* [DATASET CONTENT]:
*** Begin section ***

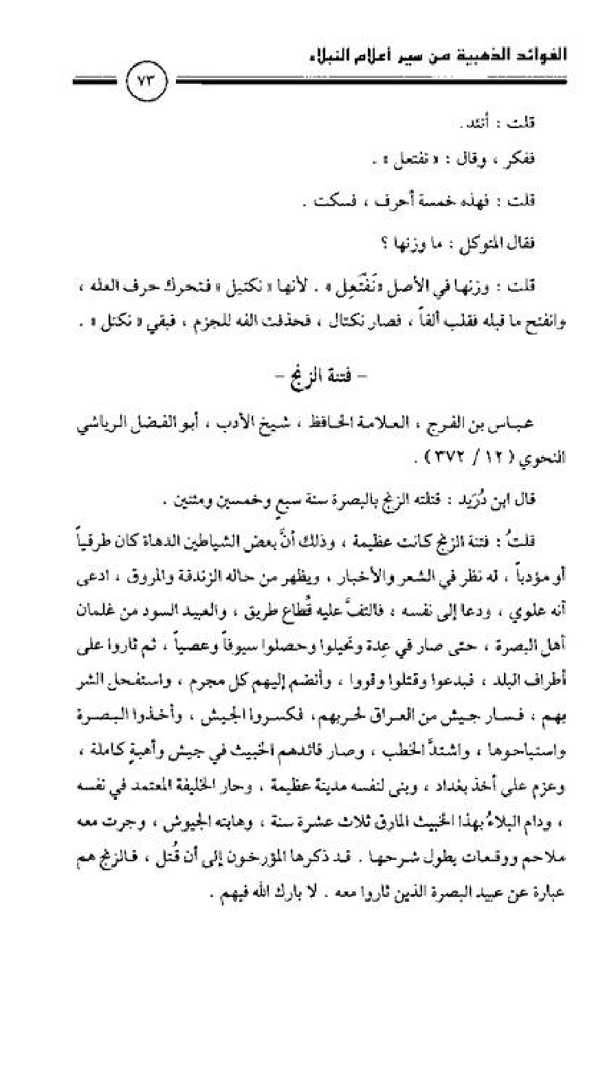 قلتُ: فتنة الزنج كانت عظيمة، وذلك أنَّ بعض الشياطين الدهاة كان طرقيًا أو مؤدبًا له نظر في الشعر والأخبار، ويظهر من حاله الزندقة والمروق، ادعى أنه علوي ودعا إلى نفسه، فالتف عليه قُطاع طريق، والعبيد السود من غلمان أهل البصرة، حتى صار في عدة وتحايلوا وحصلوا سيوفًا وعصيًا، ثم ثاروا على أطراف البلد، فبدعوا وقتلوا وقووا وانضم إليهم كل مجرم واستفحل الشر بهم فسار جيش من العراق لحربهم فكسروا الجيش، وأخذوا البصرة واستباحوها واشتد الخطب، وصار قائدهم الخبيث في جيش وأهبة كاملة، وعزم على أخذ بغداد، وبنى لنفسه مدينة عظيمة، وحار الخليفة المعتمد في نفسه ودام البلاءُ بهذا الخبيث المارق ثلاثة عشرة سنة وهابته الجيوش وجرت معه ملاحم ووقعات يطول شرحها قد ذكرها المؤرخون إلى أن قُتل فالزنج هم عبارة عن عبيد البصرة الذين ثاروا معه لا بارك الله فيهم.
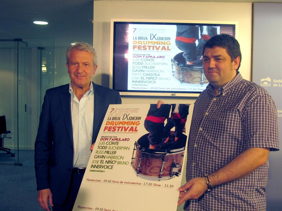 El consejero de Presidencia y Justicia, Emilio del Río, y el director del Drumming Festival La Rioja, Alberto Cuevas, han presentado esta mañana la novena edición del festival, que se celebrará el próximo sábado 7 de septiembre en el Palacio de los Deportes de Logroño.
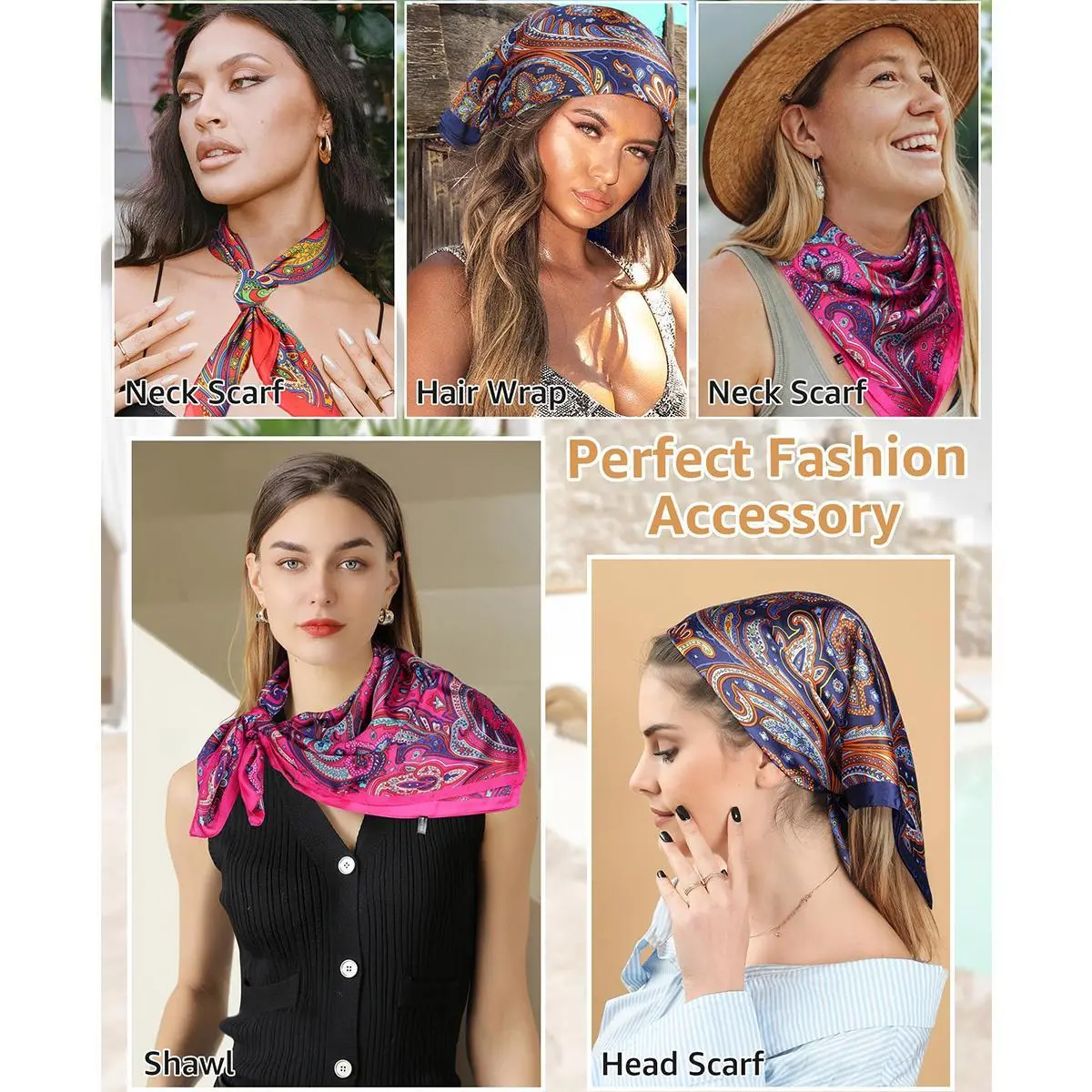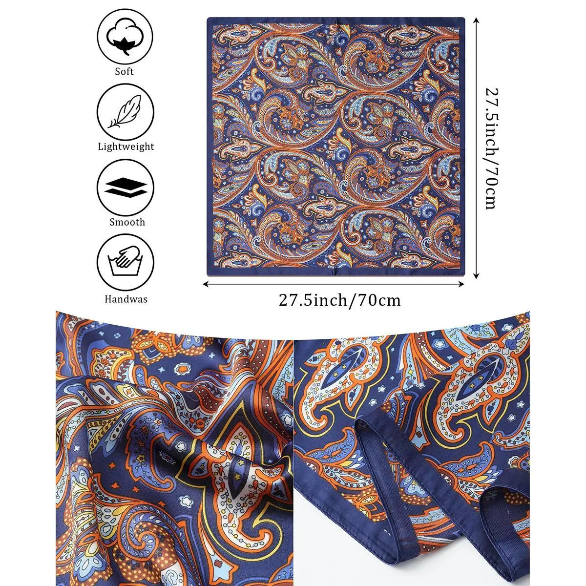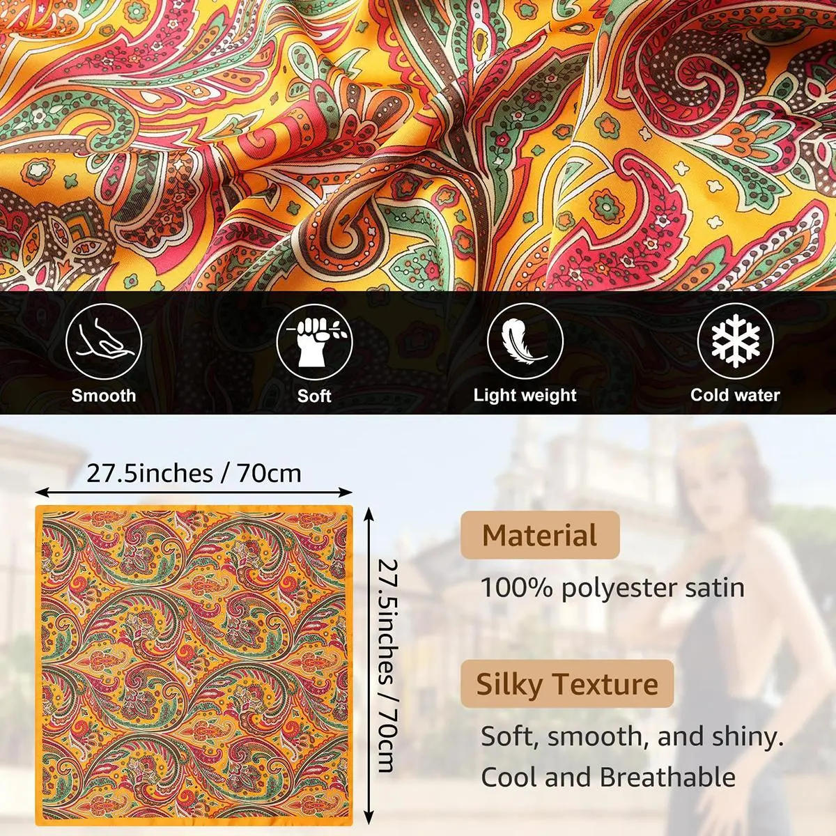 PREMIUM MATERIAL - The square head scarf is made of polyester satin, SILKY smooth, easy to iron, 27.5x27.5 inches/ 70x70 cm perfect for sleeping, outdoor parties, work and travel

*** End section ***

* [EXERCISE]:
In the answer, the data should reappear exactly, with no pictures.

* [COMPLETED TASK]:
 قلتُ: فتنة الزنج كانت عظيمة، وذلك أنَّ بعض الشياطين الدهاة كان طرقيًا أو مؤدبًا له نظر في الشعر والأخبار، ويظهر من حاله الزندقة والمروق، ادعى أنه علوي ودعا إلى نفسه، فالتف عليه قُطاع طريق، والعبيد السود من غلمان أهل البصرة، حتى صار في عدة وتحايلوا وحصلوا سيوفًا وعصيًا، ثم ثاروا على أطراف البلد، فبدعوا وقتلوا وقووا وانضم إليهم كل مجرم واستفحل الشر بهم فسار جيش من العراق لحربهم فكسروا الجيش، وأخذوا البصرة واستباحوها واشتد الخطب، وصار قائدهم الخبيث في جيش وأهبة كاملة، وعزم على أخذ بغداد، وبنى لنفسه مدينة عظيمة، وحار الخليفة المعتمد في نفسه ودام البلاءُ بهذا الخبيث المارق ثلاثة عشرة سنة وهابته الجيوش وجرت معه ملاحم ووقعات يطول شرحها قد ذكرها المؤرخون إلى أن قُتل فالزنج هم عبارة عن عبيد البصرة الذين ثاروا معه لا بارك الله فيهم.
 El consejero de Presidencia y Justicia, Emilio del Río, y el director del Drumming Festival La Rioja, Alberto Cuevas, han presentado esta mañana la novena edición del festival, que se celebrará el próximo sábado 7 de septiembre en el Palacio de los Deportes de Logroño.
 PREMIUM MATERIAL - The square head scarf is made of polyester satin, SILKY smooth, easy to iron, 27.5x27.5 inches/ 70x70 cm perfect for sleeping, outdoor parties, work and travel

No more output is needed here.